There are also a couple other shots in the film that focus on what Llewyn sees and what that might make him feel.  He sees a movie poster about the effort of a few animals trying to get home.  It’s not hard to see this story as Llewyn’s efforts to find home, both physically (he is homeless) and spiritually.  He realizes he has a kid, and we see him visit his remaining, living family.  These things matter to him even if he doesn’t yet know it.

But everyone in his family is somewhat inaccessible, partially due to his own fault.  His child has never met him, and the child’s mother probably wants it that way, and his dad seems to have some form of dementia.  Llewyn does have a sister, but she kicks him out of the house when he yells at her (again) for doing something no one could blame her for doing.
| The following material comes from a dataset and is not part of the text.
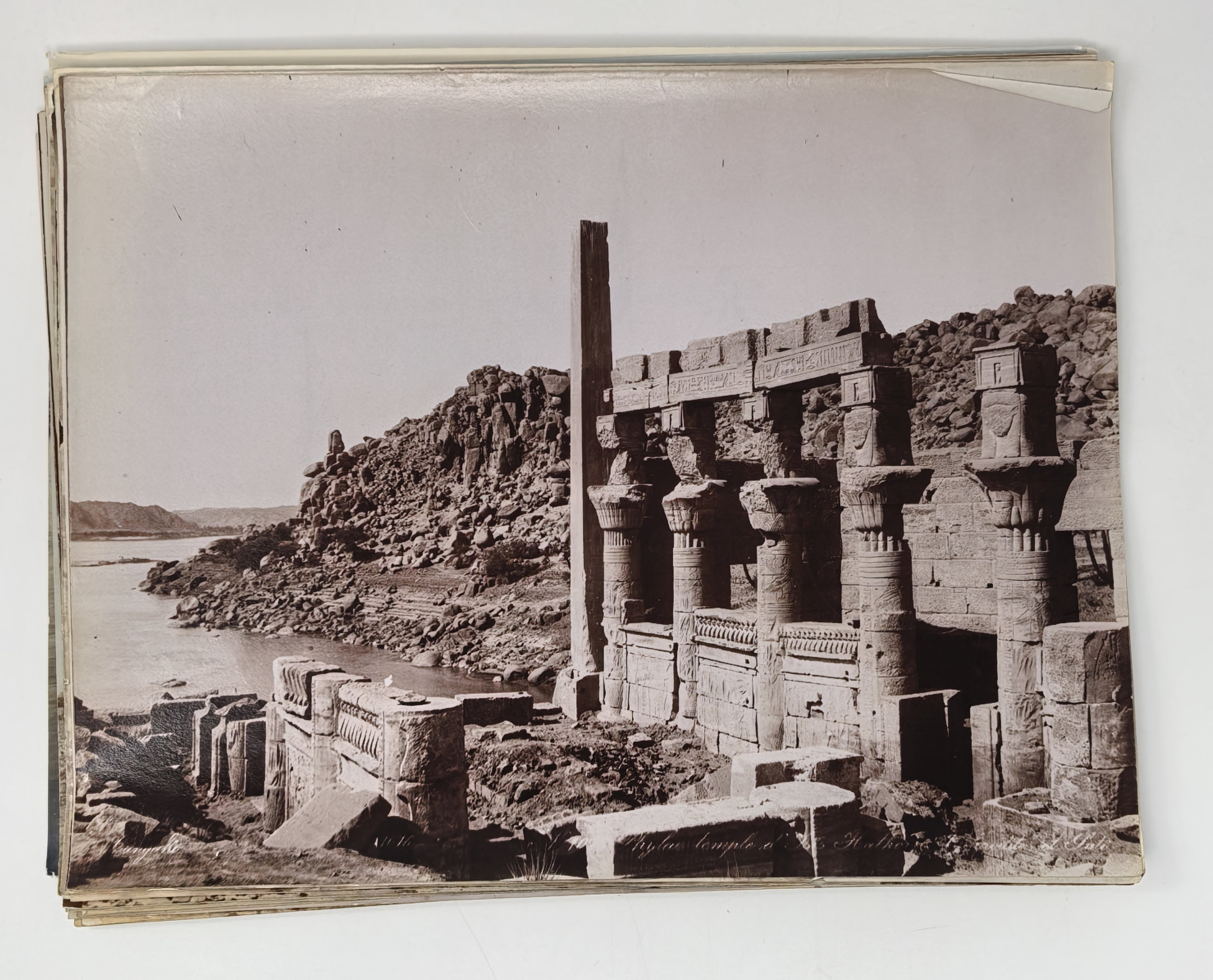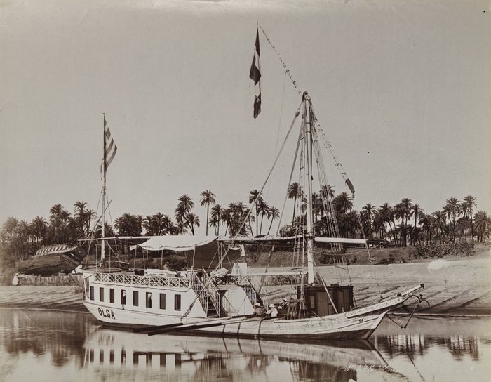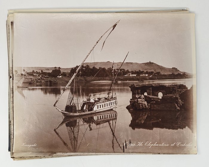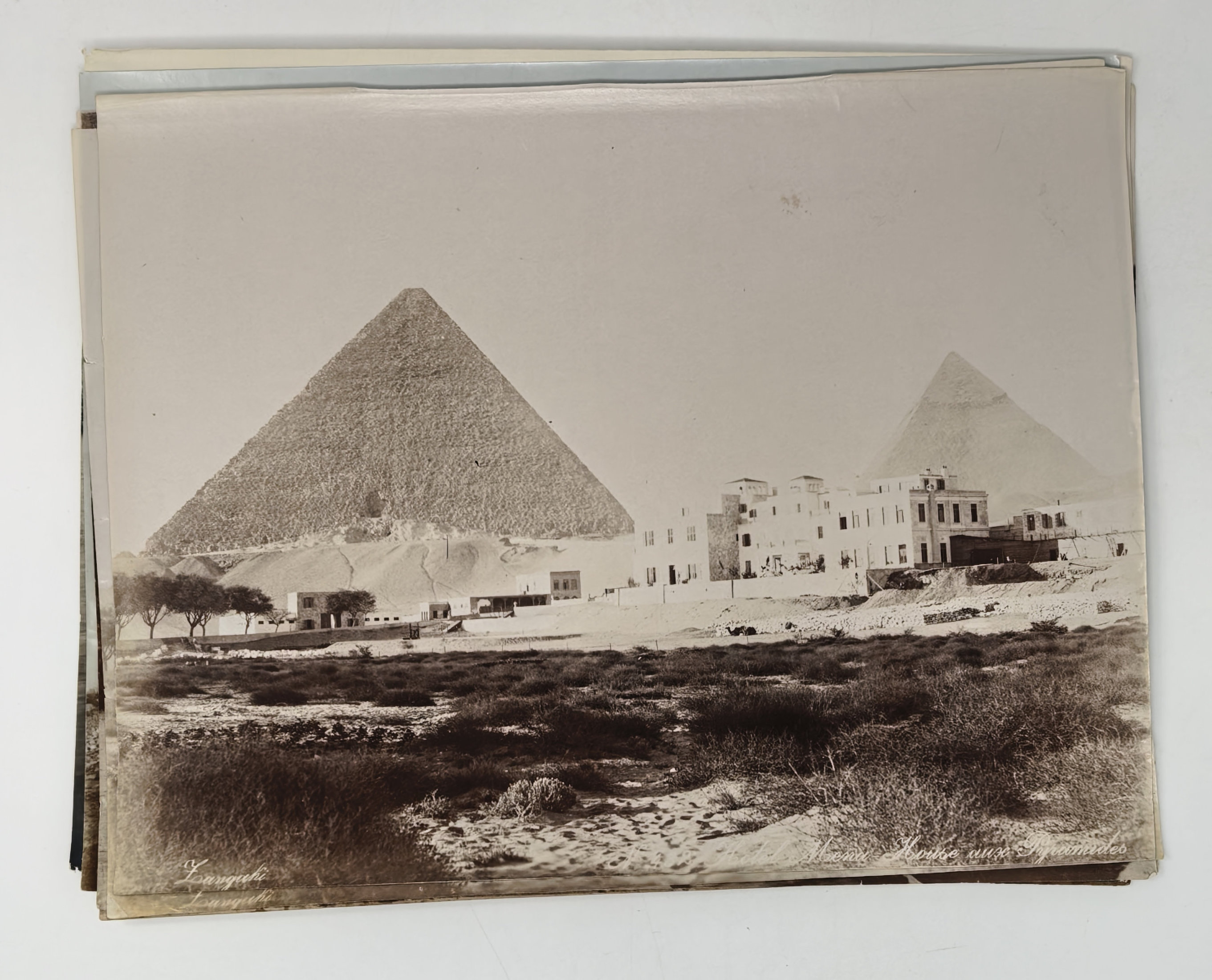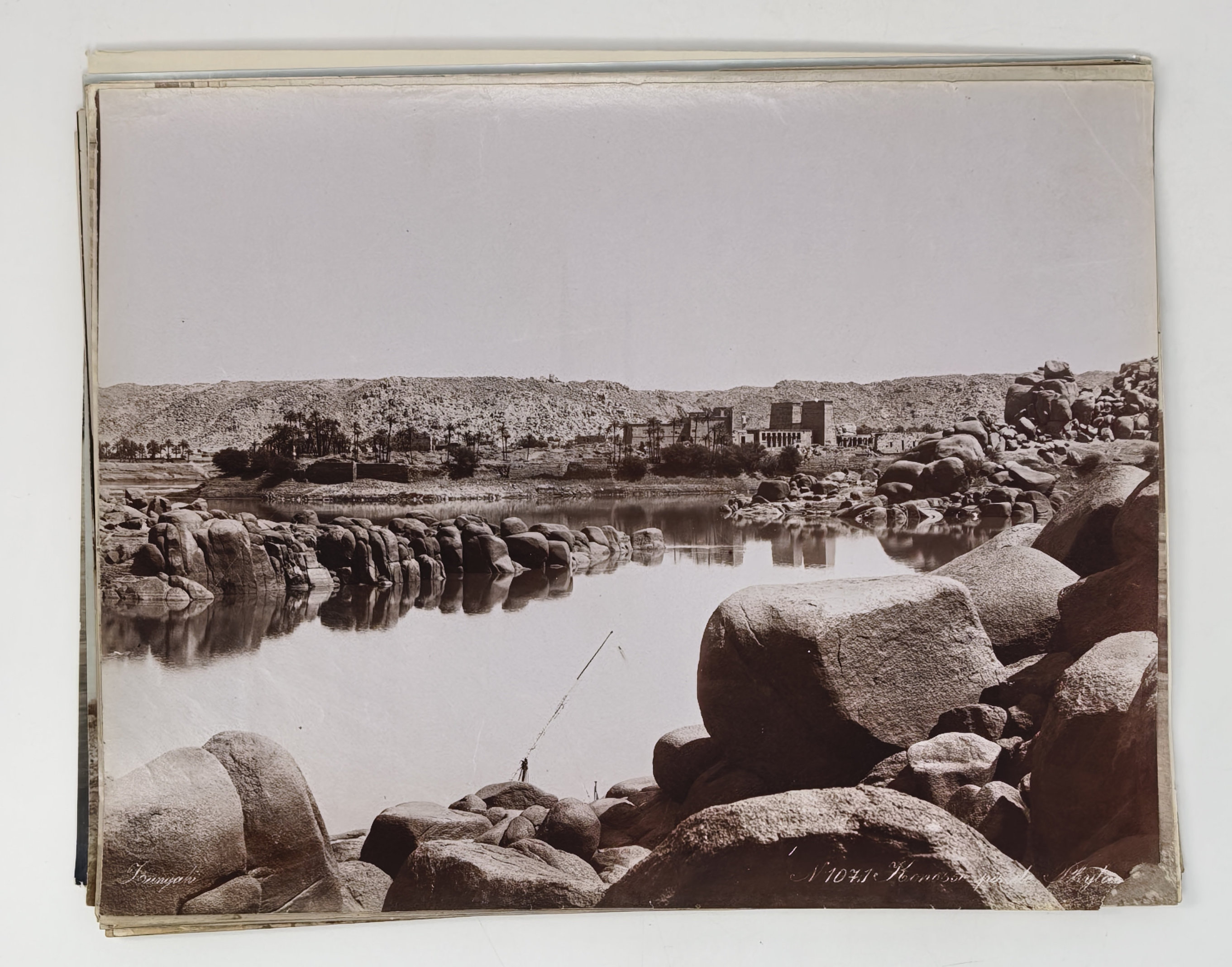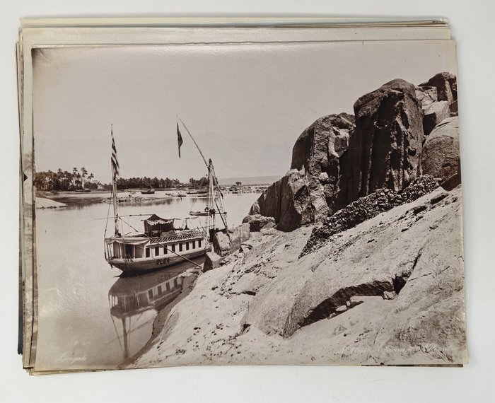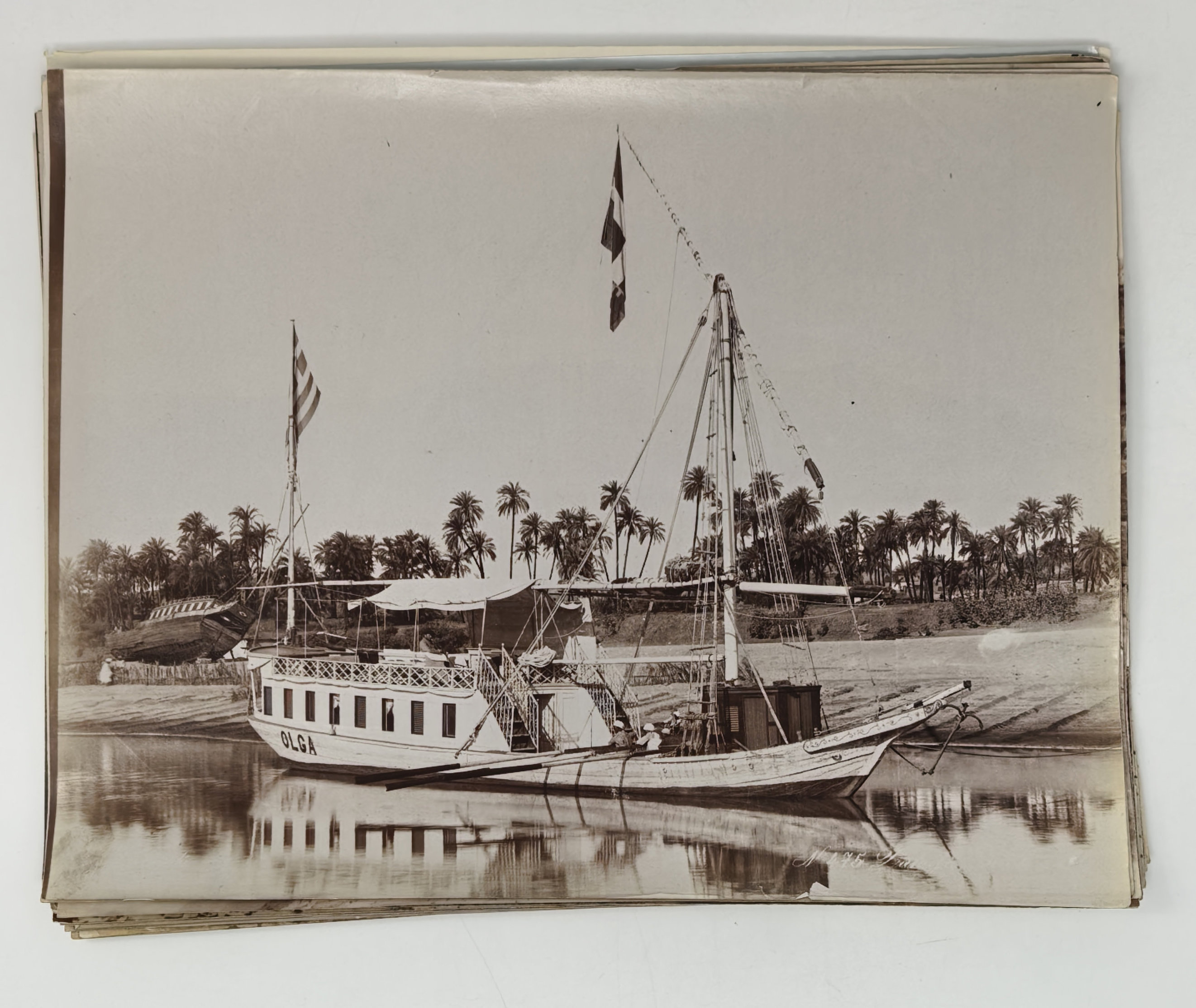 Interesting collection of early original albumen and gelatin silver photographs of Egypt from the late 19th–early 20th century, taken by the prominent local studios of Zangaki Brothers, Pappa Peridis, and Luigi Fiorillo. Twenty-two photos by the studio of Zangaki Brothers show Cairo (Citadel and Muhammad Ali Mosque, Citadel and nearby Arab village, the Nile at Bulaq, a street view), Aswan (the Nile and railway tracks with various machinery), Pyramids of Giza (general views with Mena House hotel, the Nile and palm groves or a small dam, a close-up view of the Great Pyramid), Philae Temple (general views taken from the north, Temple of Hathor), Karnak Temple (Great Hypostyle Hall), the First Cataract at Aswan, three views of the “Olga” dahabiya boat on the Nile (Swedish flag is visible, two locations are captioned – the Elephantine Island and Aswan), &c.
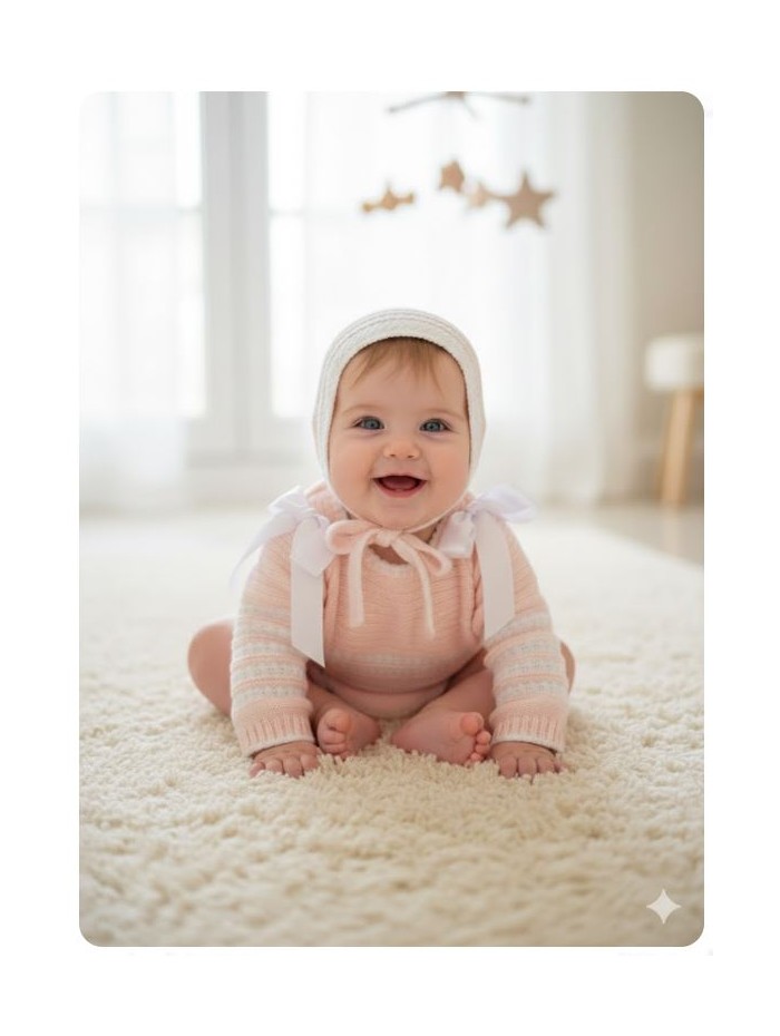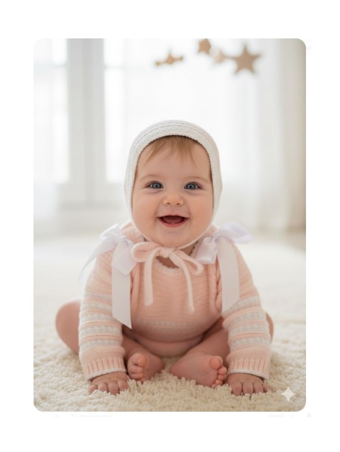 Conjunto de punto para bebe compuesto por capota jubon y braga.

When Llewyn visits his silent father in the nursing home, he plays him another beautiful song.  We expect there to be some kind of catharsis between the two of them, and his father does show visible signs of relief.  When Llewyn’s finished with the song, he looks at his father and says, “oh my god.”  We soon learn that his surprise is due to his father having an accident.  It’s a surprising moment and another way the Coen Brothers undercut our expectations.

Again, there are no answers, no resolutions, nothing resembling catharsis.  Llewyn is on a hamster wheel, and he’s stuck because the world won’t let him live, and he himself has become so rotten that he can barely keep himself alive.  He doesn’t even have a winter coat for Chrissake.

My lasting impression of Llewyn Davis is a character who has been beaten down for so long that he expects it to happen again (as it does).  Maybe he was once a nice, loving young man, the guy we see on his album cover “Inside Llewyn Davis,” the same type of figure we see on every other singer’s album cover.  One of these other singers is Al Cody (Adam Driver), a musician who seems way too chipper on the outside but who describes his place, with some resignation, as a dump.  Maybe he’s only not as disenchanted as Llewyn because he hasn’t been playing folk music long enough.

The singers and performers, no matter how jovial and optimistic they are, will end up like Llewyn.  The world will make them suffer, and it will make them hate themselves for it.  At least, that’s the feeling I got.